-- INPUT RECORDS follows --
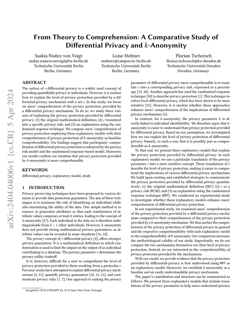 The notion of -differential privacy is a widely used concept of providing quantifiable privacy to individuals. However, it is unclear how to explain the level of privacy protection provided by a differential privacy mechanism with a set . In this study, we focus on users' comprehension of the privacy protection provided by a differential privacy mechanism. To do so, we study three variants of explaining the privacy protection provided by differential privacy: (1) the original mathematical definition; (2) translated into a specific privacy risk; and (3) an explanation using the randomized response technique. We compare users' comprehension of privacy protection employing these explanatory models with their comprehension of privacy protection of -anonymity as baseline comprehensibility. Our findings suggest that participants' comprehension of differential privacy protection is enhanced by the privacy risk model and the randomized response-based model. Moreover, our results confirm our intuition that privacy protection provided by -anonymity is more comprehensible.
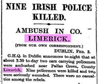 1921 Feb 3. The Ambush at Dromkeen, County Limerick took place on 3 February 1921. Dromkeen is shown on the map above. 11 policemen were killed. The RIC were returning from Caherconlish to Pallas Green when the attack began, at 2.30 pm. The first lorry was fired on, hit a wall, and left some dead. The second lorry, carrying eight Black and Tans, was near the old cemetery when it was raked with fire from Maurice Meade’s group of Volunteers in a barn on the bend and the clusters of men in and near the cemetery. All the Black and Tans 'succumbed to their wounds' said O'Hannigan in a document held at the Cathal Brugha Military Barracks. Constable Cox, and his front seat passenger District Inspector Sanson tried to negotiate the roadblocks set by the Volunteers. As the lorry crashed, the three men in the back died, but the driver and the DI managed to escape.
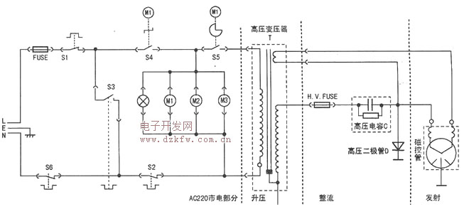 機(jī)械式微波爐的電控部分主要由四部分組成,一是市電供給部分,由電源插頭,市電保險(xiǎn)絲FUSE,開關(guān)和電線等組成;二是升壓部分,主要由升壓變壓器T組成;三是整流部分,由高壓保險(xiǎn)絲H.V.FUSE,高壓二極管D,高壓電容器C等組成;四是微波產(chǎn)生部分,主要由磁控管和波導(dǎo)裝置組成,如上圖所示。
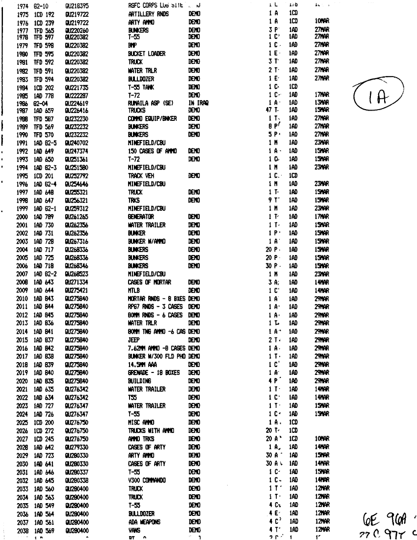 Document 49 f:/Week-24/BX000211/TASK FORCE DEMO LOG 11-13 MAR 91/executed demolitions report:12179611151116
-- INPUT RECORDS concluded --
-- INPUT RECORDS follows --
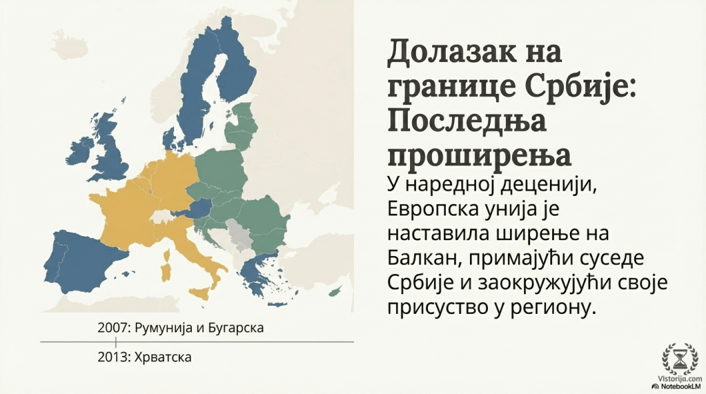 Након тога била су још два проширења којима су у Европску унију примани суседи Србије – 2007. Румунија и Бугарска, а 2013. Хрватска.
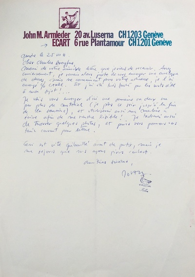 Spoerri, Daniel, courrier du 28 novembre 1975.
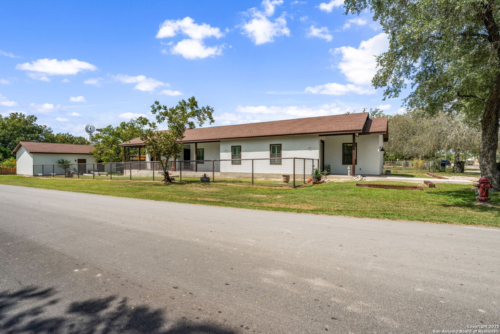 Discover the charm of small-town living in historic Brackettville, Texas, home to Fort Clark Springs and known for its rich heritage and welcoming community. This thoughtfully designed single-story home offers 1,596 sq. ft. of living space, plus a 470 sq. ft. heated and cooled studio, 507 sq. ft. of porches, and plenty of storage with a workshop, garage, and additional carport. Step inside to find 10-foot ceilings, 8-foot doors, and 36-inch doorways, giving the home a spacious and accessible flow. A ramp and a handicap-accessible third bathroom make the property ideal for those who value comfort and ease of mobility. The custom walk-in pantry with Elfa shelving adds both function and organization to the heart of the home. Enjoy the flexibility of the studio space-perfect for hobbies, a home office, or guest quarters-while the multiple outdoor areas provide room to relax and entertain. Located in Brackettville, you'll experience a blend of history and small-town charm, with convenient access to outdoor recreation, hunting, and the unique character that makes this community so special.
-- INPUT RECORDS concluded --
-- INPUT RECORDS follows --
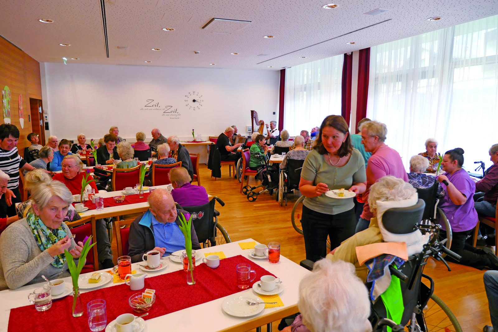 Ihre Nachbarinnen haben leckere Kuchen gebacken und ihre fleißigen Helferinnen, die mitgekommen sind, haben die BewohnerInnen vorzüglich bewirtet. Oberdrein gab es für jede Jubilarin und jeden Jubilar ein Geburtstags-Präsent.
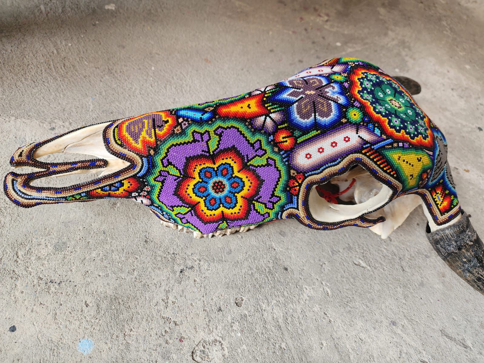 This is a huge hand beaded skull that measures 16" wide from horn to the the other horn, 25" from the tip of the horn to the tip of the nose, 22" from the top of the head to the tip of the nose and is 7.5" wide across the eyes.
-- INPUT RECORDS concluded --
- [TASK ITEM] Among the entries above, take the line with "Након тога била", the line with "Spoerri, Daniel, courrier", and all the lines between them, and restate them word for word without pictures.

- [WRITTEN REPLY]
 Након тога била су још два проширења којима су у Европску унију примани суседи Србије – 2007. Румунија и Бугарска, а 2013. Хрватска.
 Spoerri, Daniel, courrier du 28 novembre 1975.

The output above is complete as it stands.